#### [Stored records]
▽

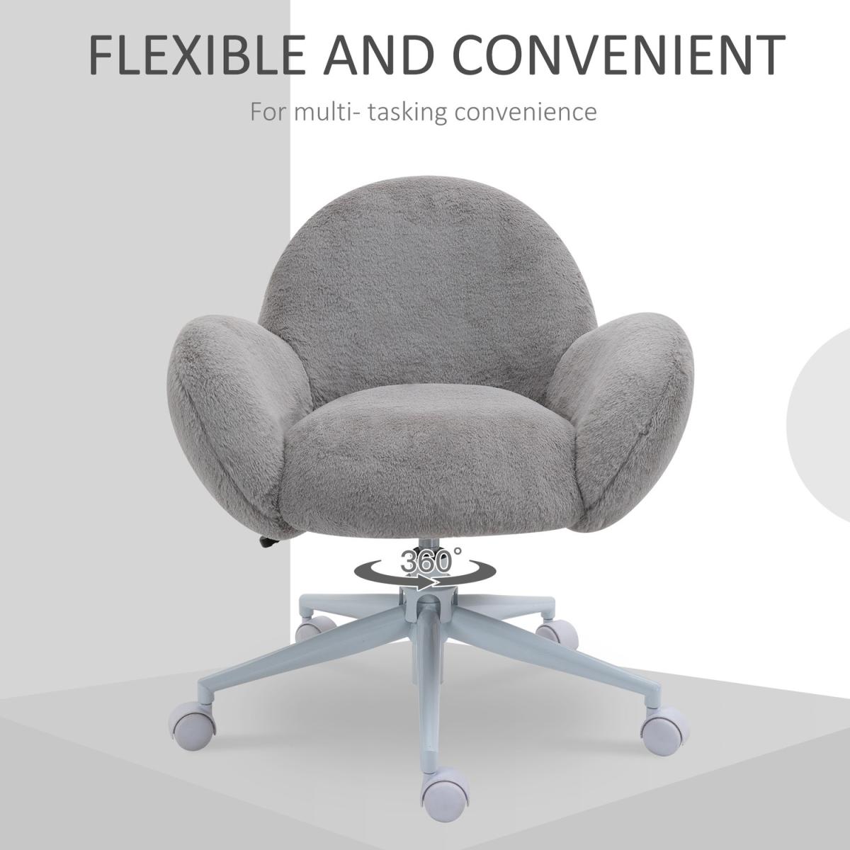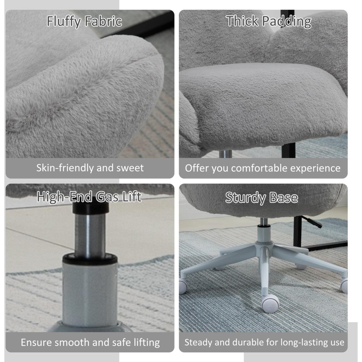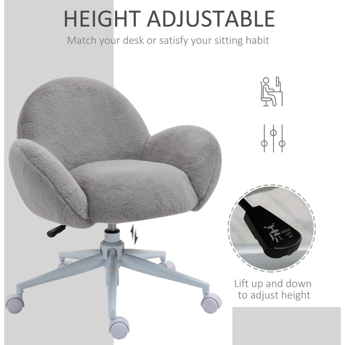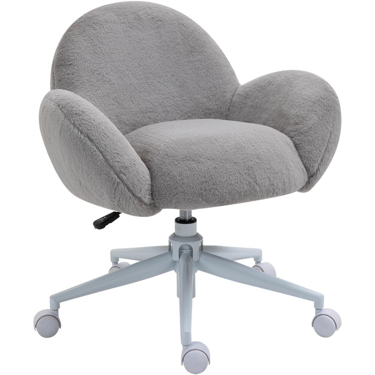 Fluffy Office Chair with Backrest Armrests for Bedroom Leisure - Grey, White
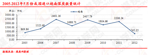2005-2012年5月份我國進(jìn)口越南煤炭數(shù)量走勢統(tǒng)計(jì)
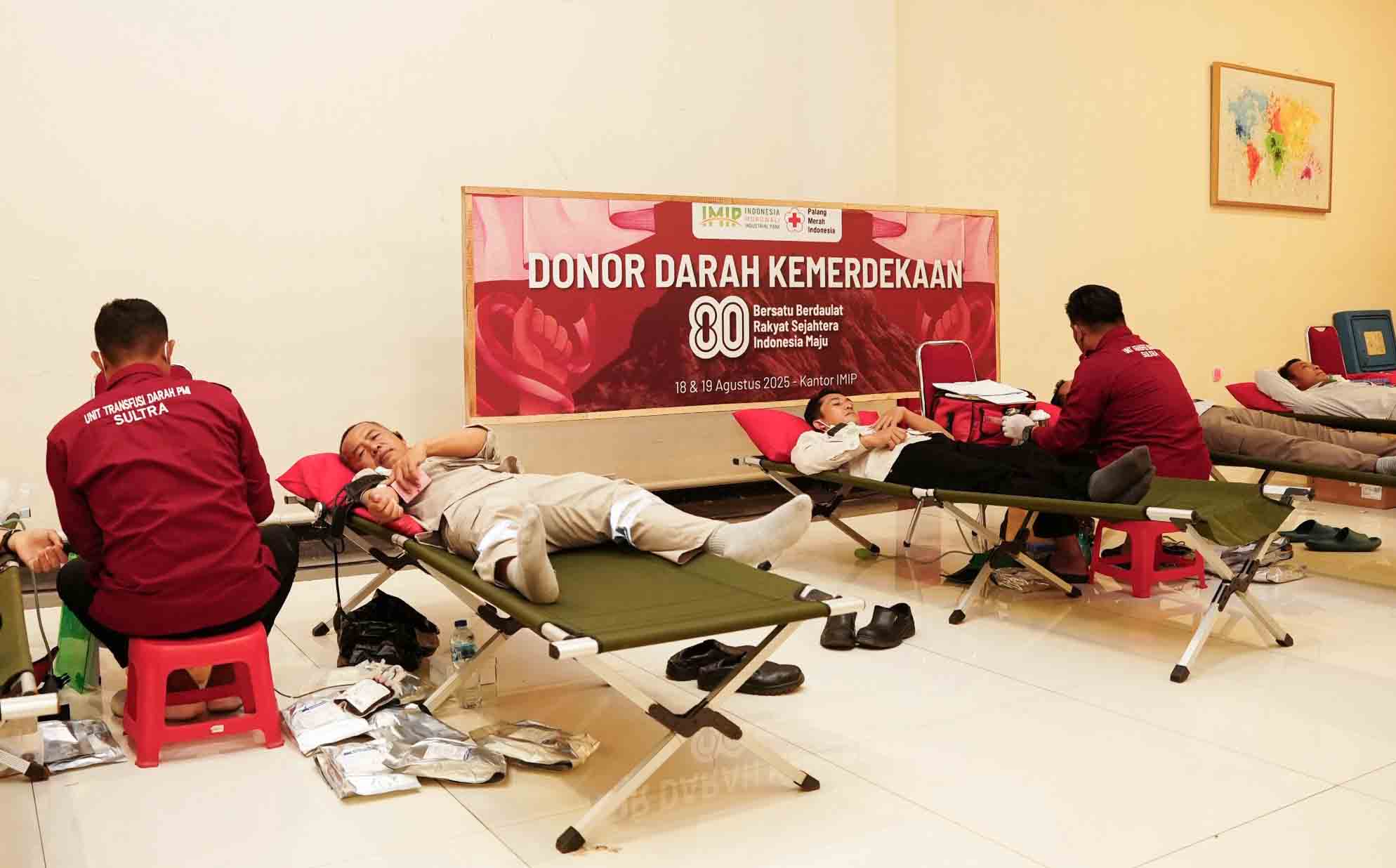 PT Indonesia Morowali Industrial Park (IMIP) kembali menggelar aksi kemanusiaan donor darah dalam rangka merayakan Hari Kemerdekaan Republik Indonesia ke-80 tahun. Kegiatan yang rutin dilakukan setiap tiga bulan ini melibatkan seluruh karyawan di kawasan industri sejak Senin (18/8/2025) hingga (19/8/2025).
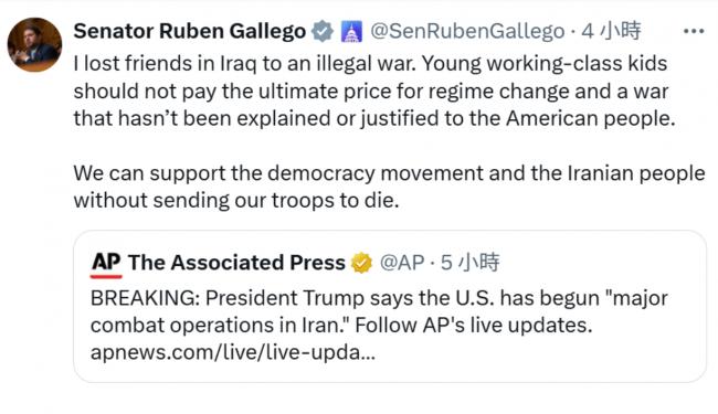 民主党参议员Ruben Gallego也在X上谴责行动,强调美国“可以在不派兵送死的情况下,支持伊朗的民主运动与人民”。参院少数党领袖Chuck Schumer则警告,政府必须向美国人民清楚交代理由,“这事很严重”。参院多数党领袖John Thune也表示,采取任何军事行动前,都应与国会充分协商。
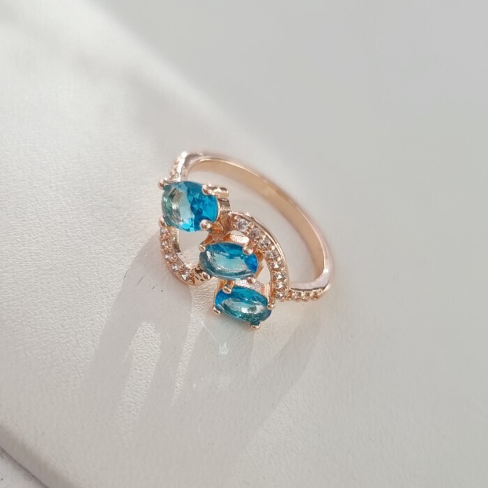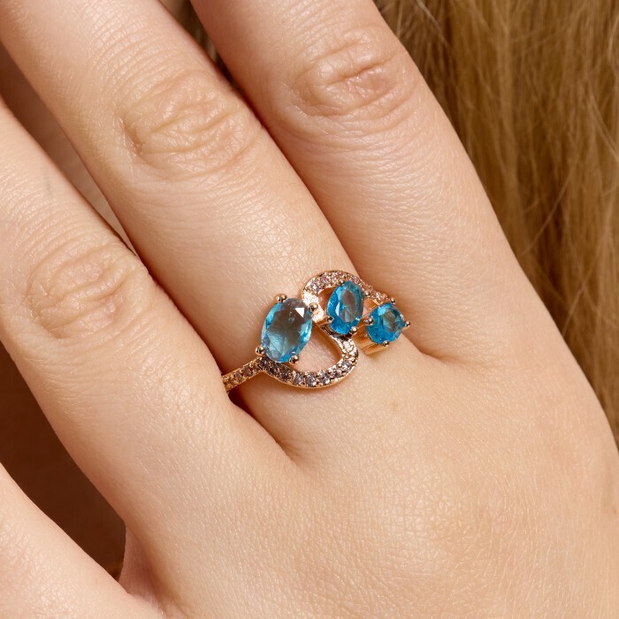 Кольцо 17 р ювелирная бижутерия коллекция "Дубай", покрытие позолота, вставка: фианиты, цвет: голубой, арт.414.099-17 2 фото
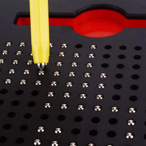 Judindami įmagnetintą rašiklio galiuką virš lentos skylių, rutuliai nusėda ir sudaro piešinį.
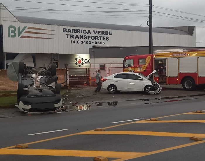 Segundo informações do Corpo de Bombeiros, uma caminhonete Fiat Toro ficou com as rodas para cima após colisão contra um veículo Chevrolet Onix. A caminhonete estava sendo conduzida por um homem de 47 anos, que foi encontrado com ferimentos e socorrido pelo Samu.
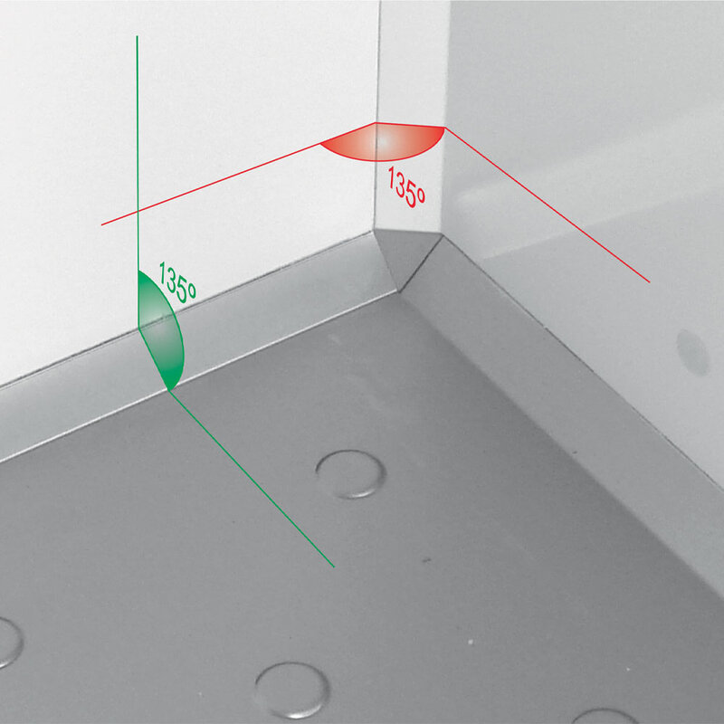 - Hoeken van de bodem, plafond en de panelen, zijn allemaal 135° " sanitair ".

△

#### [GOAL OF THE EXERCISE]
Your task is to repeat the opening line of the entries above and each line after it, ending with the line that has "2005-2012年5月份我". Do not include the pictures.

#### [RESPONSE FOR THIS EXERCISE]
 Fluffy Office Chair with Backrest Armrests for Bedroom Leisure - Grey, White
2005-2012年5月份我國進(jìn)口越南煤炭數(shù)量走勢統(tǒng)計(jì)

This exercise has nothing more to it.